Laser test stand

SLAC system, for reference

SLAC laser test stand. The SLAC system has a large motorized stage instead of our small hand-driven one, but the optics package is similar.

Laser power calculations

ALPIDE is 50 um thick. Mean energy loss for a MIP is 388 eV/um, so 19.4 keV. (Most probable energy loss is lower by a factor of ~2.) The number of electron-hole pairs you get is (energy deposit)/(ionization energy), ionization energy is 3.67 eV in silicon (PDG 34.7.1).

This calculator gives transmission coefficients of 0.077460 for 850 nm and 0.93796 for 1056 nm. The number of electron-hole pairs you get is just the number of photons that are absorbed.

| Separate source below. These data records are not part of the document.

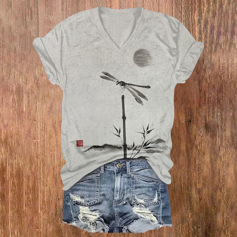 Dashingsoul Dragonfly Bamboo Ink Painting Japanese Art Print V-neck T-shirt
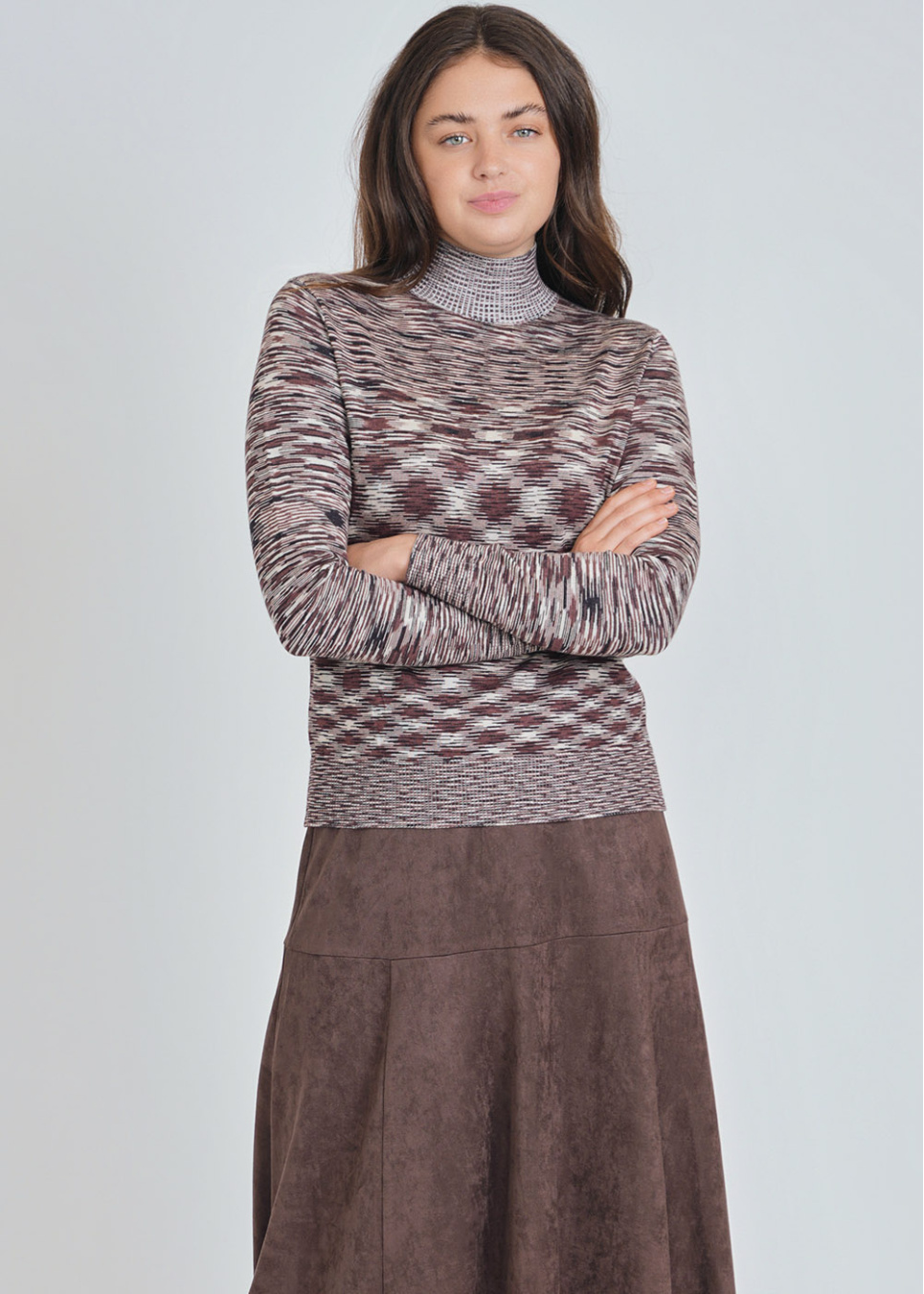 Mock Neck Colorblock Sweater – Blue & Mocha
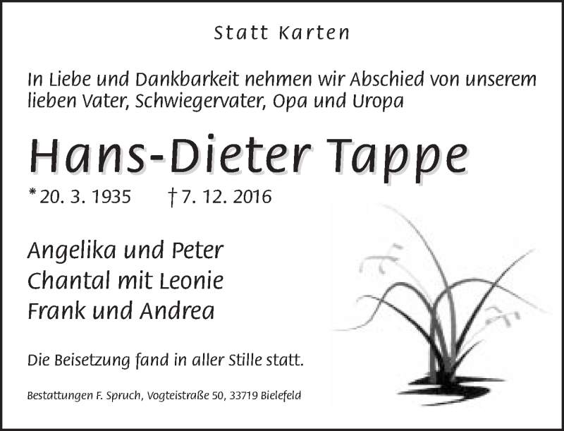 Hier finden Sie alle Traueranzeigen aus der Zeitung, die bisher für Hans-Dieter Tappe erschienen sind. Weitere Traueranzeigen, die in der Zeitung erscheinen, werden hier ebenfalls aufgelistet
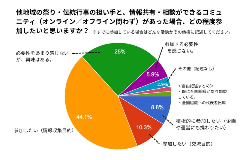 また、祭り・イベント関係者同士のコミュニティがあれば参加したいか、という問いには、前向きな意見が多く寄せられました。他地域の事例を知りたい、課題や悩みを共有したいといった声からは、個々の現場が孤立しがちな状況が背景にあることがうかがえます。
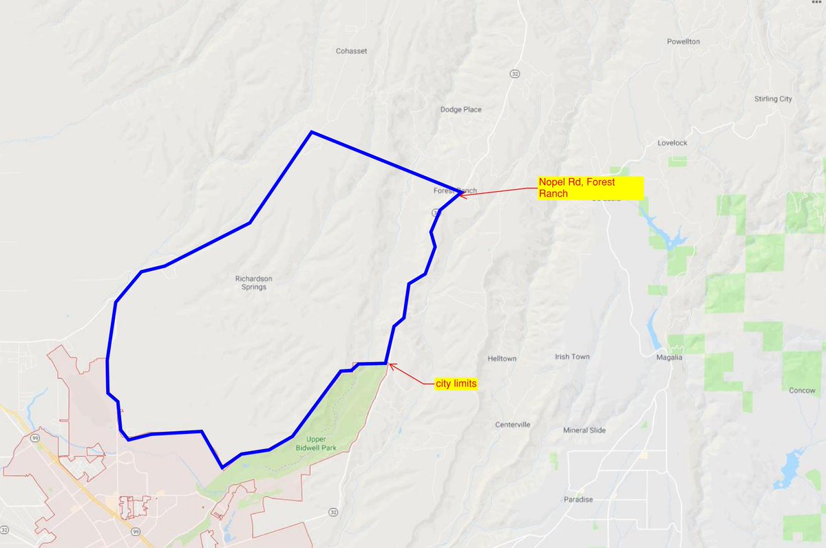 Closer to Chico, but to the north. Evacuation warning is up to but doesn't include the Chico City Limits.pic.twitter.com/43GnAEHqBO
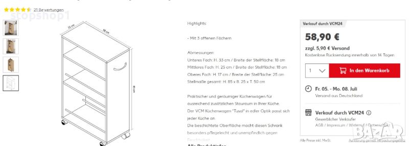 Общи размери: H. 85 x W. 25 x D. 50 cm
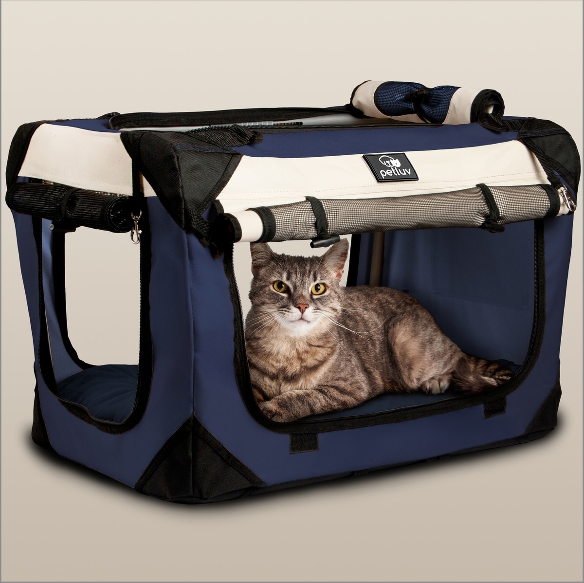 PetLuv makes travel easy and luxurious with details both you and your pet will notice: a plush washable pillow, 4 access doors, breathable mesh flaps, and privacy windows, plus locking zippers, seat belt loops, a storage pocket, and fold-flat design.
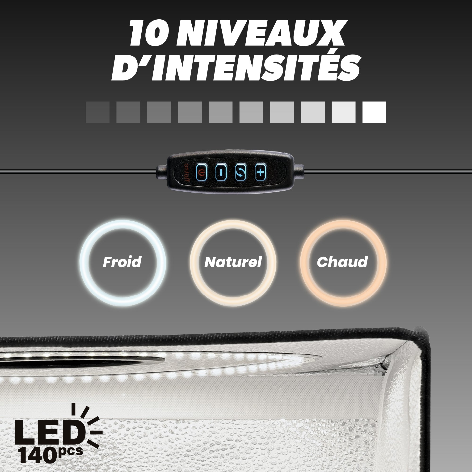 - Les parois réfléchissantes qui créent une diffusion de lumière harmonisée 360° sur l'objet
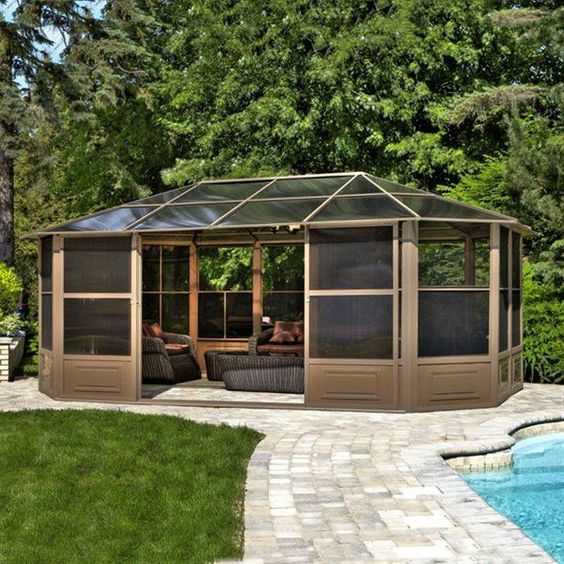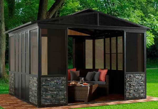 Если вы мечтаете о закрытой беседке, то, как правило, приходится обращаться за помощью к специалистам. Они разрабатывают дизайн, закупают материалы, занимаются строительными манипуляциями.

How much laser energy do we need to simulate a certain MIP energy deposition? The amount of energy we need per laser pulse is (hc/(wavelength)) * ((MIP energy deposit)/(ionization energy)) / (1-transmission).

For 850 nm: (h*c/(850 nm)) * ((19.4e3 ev)/(3.67 ev)) / (1-0.077460) = 1.34e-15 J.

At nominal power 20 mW and pulse width 4 ns, a pulse would be 80e-12 J. Need 6e4 attenuation, about 48 dB or OD 4.8.

For 1064 nm: (h*c/(1064 nm)) * ((19.4e3 ev)/(3.67 ev)) / (1-0.93796) = 15.9e-15 J. At nominal power 10 mW and pulse width 4 ns, a pulse would be 40e-12 J. Need 2.5e3 attenuation, about 34 dB or OD 3.4.

For normal operation let's run with an OD 4.0 filter in the 850 nm lens tube, and OD 3.0 in the 1064 nm lens tube.

Laser power calculations (new, use most probable deposition and epitaxial layer thickness)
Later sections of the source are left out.